Defense of the Embryo

In 2011, it was another cause that Alexandra Henrion Caude defended: the human embryo. In the midst of a debate on bioethics law, like other researchers, she opposes research on stem cells from human embryos.

She says she is vigilant about ethics and had created a website, science in conscience, in the early 2010s. “I always tell my team that we must conduct each of our searches as if one day an International Criminal Court were to arrive and evaluate us, she develops. For example, in the United States, because the legislation was different, we poured baths of radioactivity into sinks, whereas in France, we poured them into separate drums. It is important to tell ourselves that there can be a consequence to our actions. It seems important to me not to do what researchers are currently doing, namely to outsource the ethical dimension of their work to this or that external committee. »

It does not take a position solely on this subject.
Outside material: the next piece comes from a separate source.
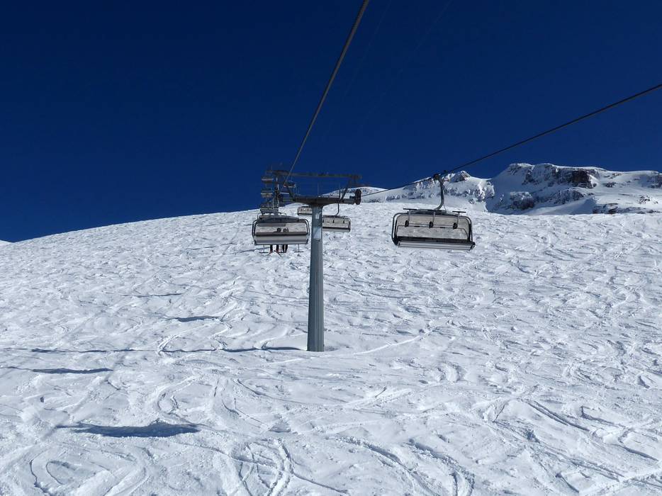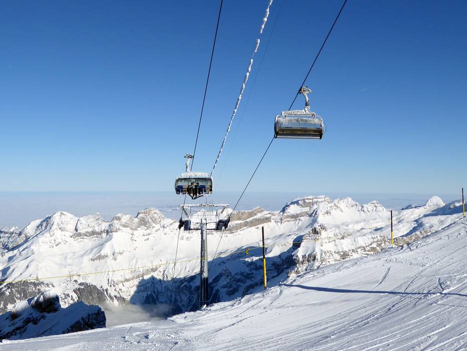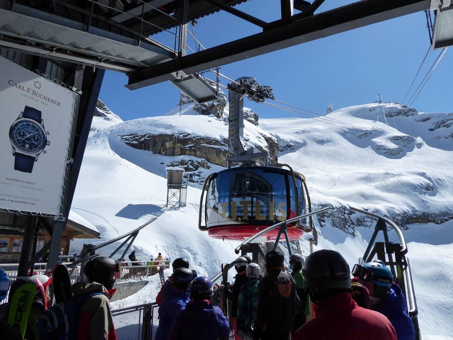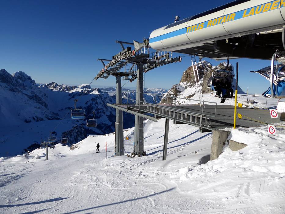 From Engelberg, the eight-seater gondola lift Titlis Xpress takes you comfortably up to the ski area at the Stand station in two sections. Afterwards, the Titlis-Rotair brings you up to the summit at 3,020 m. On the world’s first revolving cable car (Rotair), the cabin rotates 360 degrees during the five-minute ascent to the summit, offering perfect panoramic views of steep rock faces, deep glacier crevasses, and snow-covered mountain peaks. Additionally, a funicular railway and two aerial tramways also lead from the valley up to the ski area (operating only as additional lifts during peak times). Within the ski area, all high-speed chairlifts are equipped with weather protection covers and some even have heated seats. The fixed-grip four-seater chairlift Trübsee-Hopper crosses Lake Trübsee, connecting the slopes across the lake. Drag lifts on the Gerschnialp and at Untertrübsee complete the range of lifts. At Trübsee, there are also several conveyor belts.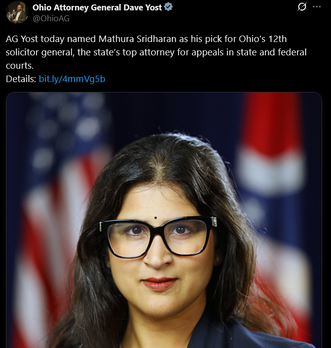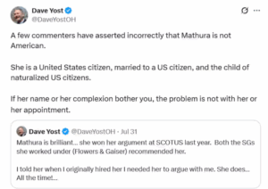 Ohio Attorney General Dave Yost responded to the haters with , “A few commenters have asserted incorrectly that Mathura is not American. She is a United States citizen, married to a US citizen, and the child of naturalized US citizens. If her name or her complexion bother you, the problem is not with her or her appointment.”

In 2018, she gave a conference on PMA with the Cosette et Gavroche association, which was created “to fight against the Taubira bill on marriage for all”, according to the website of this association.

“A label stuck on your back”

Is it the Catholic faith of this mother of five children that pushed her to take these positions on the embryo? “To defend the human embryo, I absolutely do not need my faith! “, she answers 20 minutes.

In May 2021, before his death, the geneticist Axel Kahn advanced in the columns of the Parisian that his former doctoral student “articulates reality around its spiritual truth”: “Alexandra is, in my opinion, a unique case of its kind, then explained the person who directed the thesis of the former Inserm researcher. Accursed scholars with a fine career, who suddenly have an idea and are unable to question it, there have been many. See Didier Raoult, or Luc Montagnier. But his case is different. It articulates reality around its spiritual truth. »

Alexandra Henrion Caude, now 53, replies that it is not her religious convictions, “but what[elle] analyzed by genetics” which prompted her to take a stand against anti-Covid-19 vaccines.

In October 2020 with LCI, Axel Kahn had spoken of a positioning “at the limit of a religious and sectarian commitment” of his former student. She had filed a defamation complaint, before withdrawing it, Axel Kahn being seriously ill. “Fundamentalist then sectarian, I don’t know where he got that from,” answers Alexandra Henrion Caude. Again, it’s word against word. He was able to express himself, I couldn’t. It’s really for me this story of rumours: “some people said she was a fundamentalist”. And how does it work out? Once again, it’s a label stuck on your back to discredit you, to silence you. »

A research laboratory in Mauritius

An experience would have made a strong impression on the researcher. In 2013, Alexandra Henrion Caude spent a month in the United States as fellow of the Eisenhower Foundation. A distinction, which is however “not part of the scholarships, awards or usual prizes that researchers ask for. It’s very confidential, ”explains a personality who knew the researcher.

A few years after her return, Alexandra Henrion Caude took over the management of Mauritius. In 2016, she was announced there at a round table of the Women’s Forum, alongside a researcher from a South African university, as well as the vice-president of Sanofi in charge of access to medicines and a manager of an initiative of Lancet. In an interview with the Mauritian press in 2018, she announced that she was part of the island’s Economic Development Council. She is not currently a member of the governing council, according to the council’s website.

It has set up a research laboratory on the island called SimplissmA. The objective is to draw inspiration from “traditional remedies” to “provide simple, sustainable, ethical and low-cost health solutions to people living in Mauritius, but also around the world”, explained Alexandra Henrion Caude in 2018 at the Luxury Mauritius magazine.

This institute does not publish scientific articles. Its goal is “to share certain knowledge with the public, not to speak to scientists”, replies Alexandra Henrion Caude. A phrase that resonates with his journey since the Covid-19 crisis.